"....The truth is out there."
-- Dr. Jerome Jackson, 2002 (... & Agent Fox Mulder)
“There are more things in heaven and earth, Horatio, than are dreamt of in your philosophy.”
"All truth passes through 3 stages: First it is ridiculed. Second, it is violently opposed. Third, it is accepted as self-evident."
-- Arthur Schopenhauer
Friday, July 06, 2007
-- Prestidigitation --
Louis Bevier has finally posted a personal website dealing with the Luneau video beginning here (and including 4 separate sections):
Maybe the most comprehensive single source yet for the skeptical view of the Luneau bird (that it is a normal Pileated). The first section ("Overview") is rather non-substantive so be sure to look at the other 3 sections that are the 'meat' of the website.

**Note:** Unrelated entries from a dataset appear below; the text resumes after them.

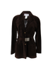 Hand-selected vintage Thierry Mugler brown suede coat with a waist belt.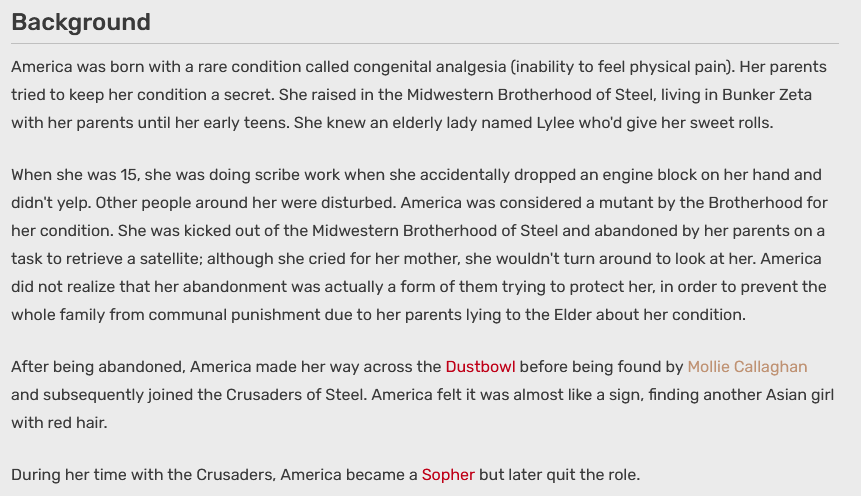 >>549583535>>549584258It's on par with every single piece of Beteshda writing since (and including) Oblivion.Like, did you expect any mature profound content from a team of retards that simply kept failing upwards for the last 20 years?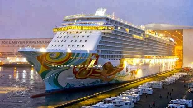 Esta es la salida del astillero Meyer Werft en Papenburg, Alemania, del barco de cruceros Norwegian Getaway, un gigante de 324m que se construye en el interior de esa mastodóntica nave industrial y que se inaugura este fin de semana en Rotterdam.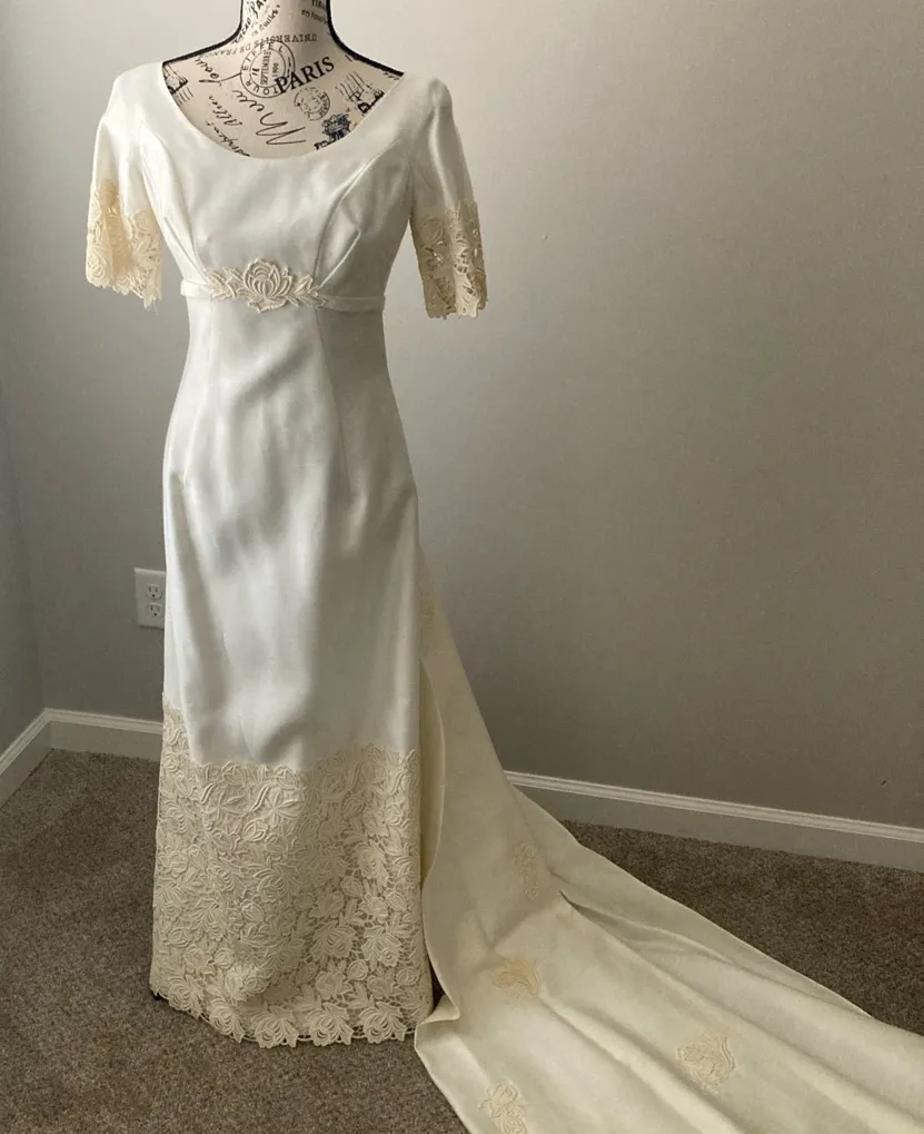 This vintage 1950's short-sleeved ivory linen wedding bridal dress with a train by Bridal Originals... Show more

Most of this information was already available elsewhere (and remains debatable), but it is pulled together well here, and some of the numbers and details may be new to folks; further there is new discussion of wingbeat data. Moreover, Bevier may add to the site as he sees fit for clarification, correction, or in response to comments. Of course he still says nothing that convinces me 100% that the bird in question is even a woodpecker ; - )))

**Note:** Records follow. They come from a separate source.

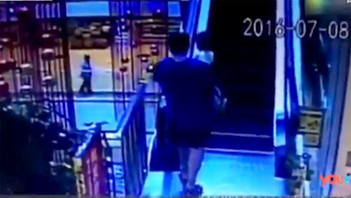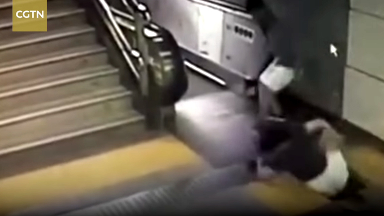 Một người đi bộ đã kịp cứu cụ bà ngã từ thang cuốn tại trung tâm mua sắm ở Nam Ninh, Quảng Tây., Trung Quốc. Quản lý trung tâm và các hành khách đều chạy đến cứu giúp cụ bà, dừng thang cuốn và gọi xe cấp cứu.
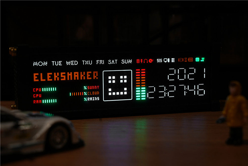 EleksMaker EleksWFD Retro Electronic Clock Pseudo-Fluorescent Tube Clock Dot Matrix Cyberpunk Gift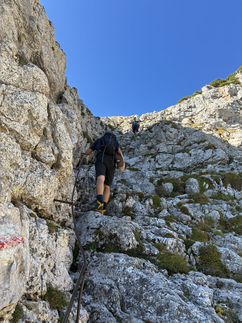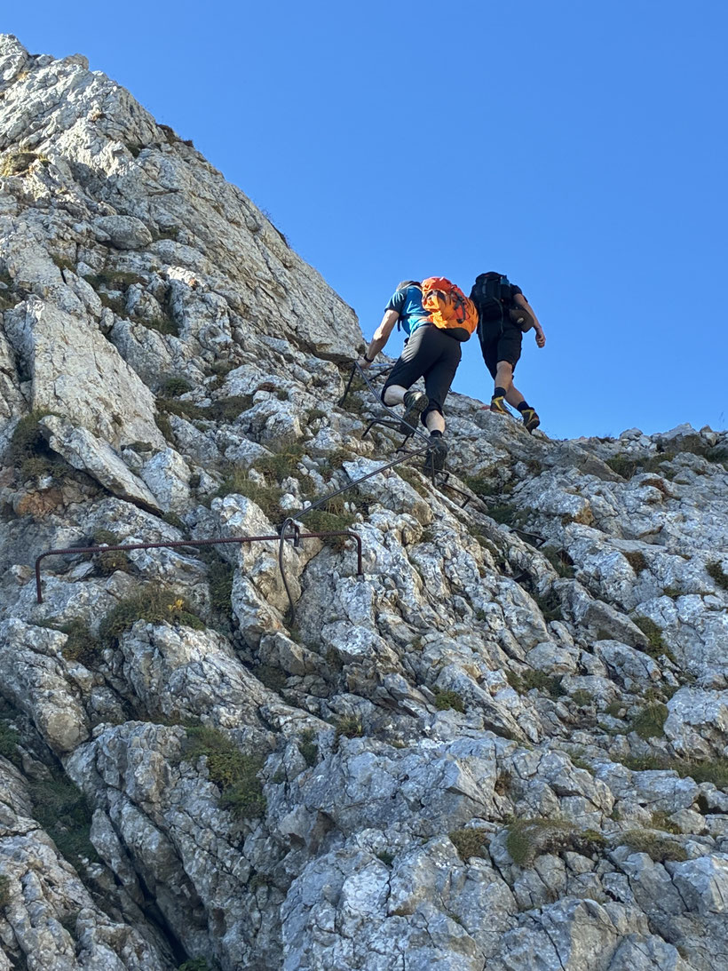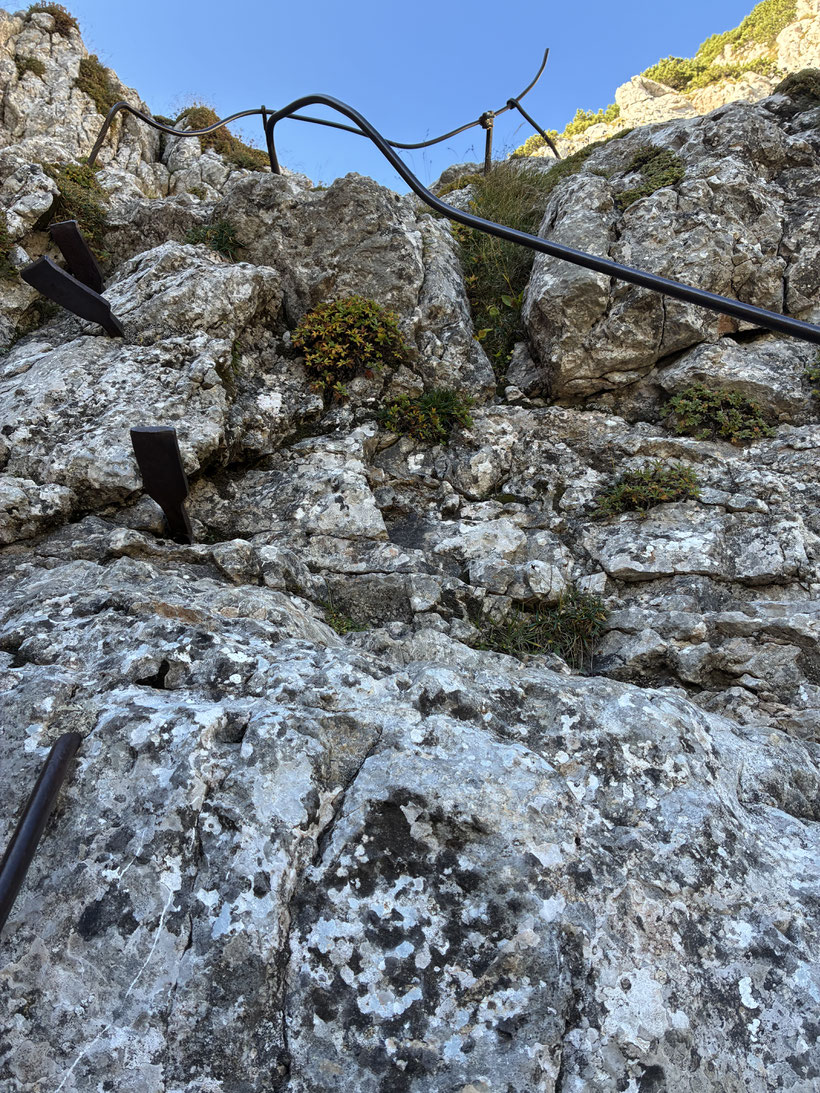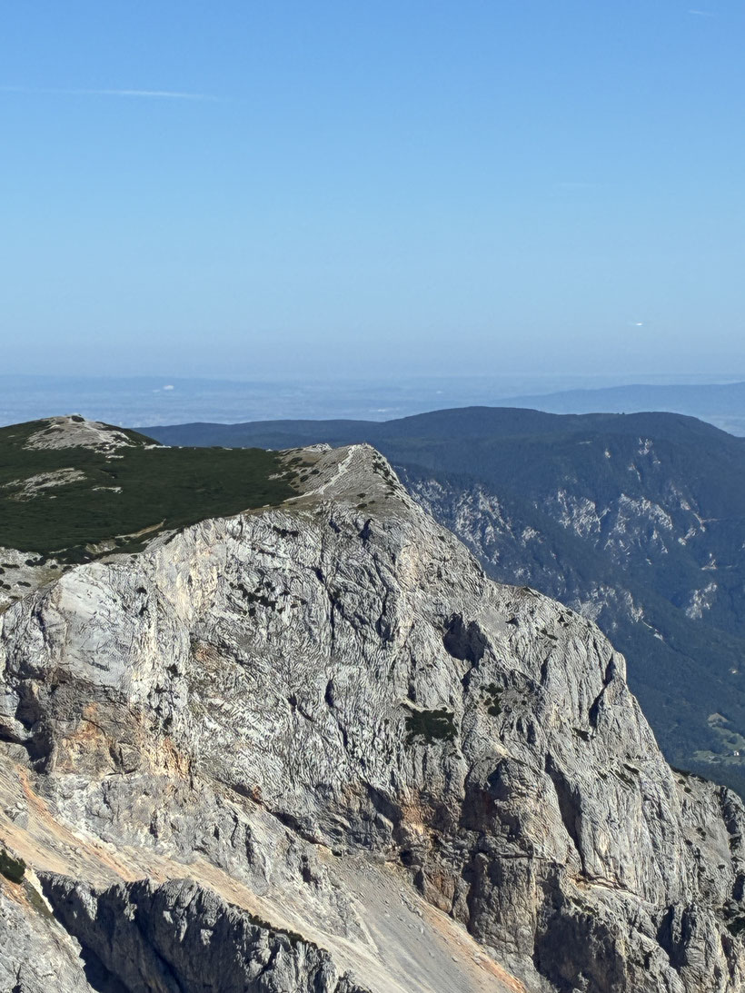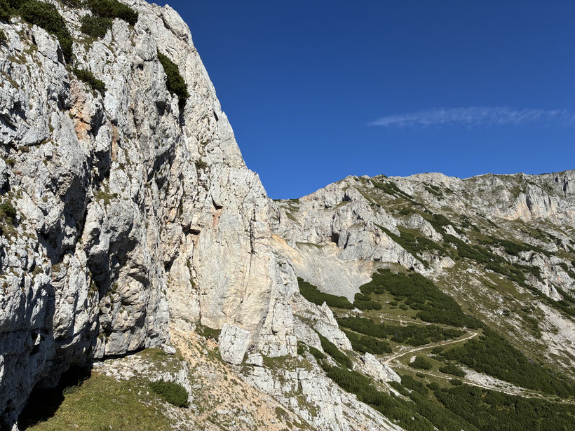schön zu sehen der Schlangenweg und links davon die Wände durch die der Karl Kantner Steig verläuft, über welchen wir aufgestiegen sind

But once again, here's the thing: In magic, the art of "distraction" is one of the most frequent tools the illusionist employs. 'Look over here, look at my right hand, pay no attention to what my left hand is doing'. Skeptics keep pulling the focus back to the Luneau video, acting as if only they just debunk it, it puts the case for the Ivory-billed Woodpecker to rest. Don't look at 50 years worth of sightings; don't look at signs or sounds; just look at this single piece of evidence... ohhh, and by the way only look at it the way I do. They're like a rottweiler with a ragdoll, shaking it back-and-forth, unable to let go. As possibly the most quantifiable piece of evidence thus far, I s'pose nothing will deter folks from pouring over this one item of accidental evidence with a false sense of accomplishment or certainty. Again, the Ivory-bill debate stretches across 50+ years of which the Big Woods and Choctawhatchee stories are just current blips on the screen. In opting to analyze-to-death 4 seconds of blurry pixels people are missing the big picture, but so be it. In all likelihood, there will eventually be other videos and images.
In the meantime, the latest issue of Birding Magazine has as their monthly photo quiz (for readers to try ID'ing) an automatic Reconyx photo of 3 birds from the Choctawhatchee (taken last November):
(I'm pretty sure it's 3 Rufous Hummingbirds on steroids ;-), but Louis may disagree --- and depending on your computer screen, you may get a slightly sharper view from the magazine itself than from the above pdf.)
You are certainly correct, they just will not of be of currently living Ivory-bills.
You do understand why that video was the centerpiece of Cornell's paper, don't you, and why the rebuttals written address the video and not the sight records?
Probably not. He doesn't know the difference between pouring and poring.
I believe these many of the sightings have been discussed. All but a very few of them are single observer for 2 seconds or less. Experienced birders understand that these are the most unreliable types of sightings, particularly when somebody is primed to see a specific species.
The longest sightings seem to be by non-birders. Again, any experienced birder knows how unreliable these types of sightings can be. I heard of a case where a non-birder in Florida mistook a pair of Swallow-tailed Kites at a nest for Long-tailed Jaegers, and could not be dissuaded from their opinion.
don't look at signs or sounds; just look at this single piece of evidence
The sounds have been reviewed rather heavily. The double knocks have been shown to be undependable (flapping duck wings, shotguns, etc.). The call notes don't match the only known Ivory-billed recording. The calls have also never been recorded in an extended series, as the known recording and descriptions of the voice would have you expect. Even if we assumed the Florida birds had a different call note, hundreds of call notes without a single series seems highly unlikely.
It seems that Jon Dunn's quote is still spot on. "I've never seen such awful documentation on any record."
yes, I understand why the video is perceived or purported to be the centerpiece of Cornell's paper.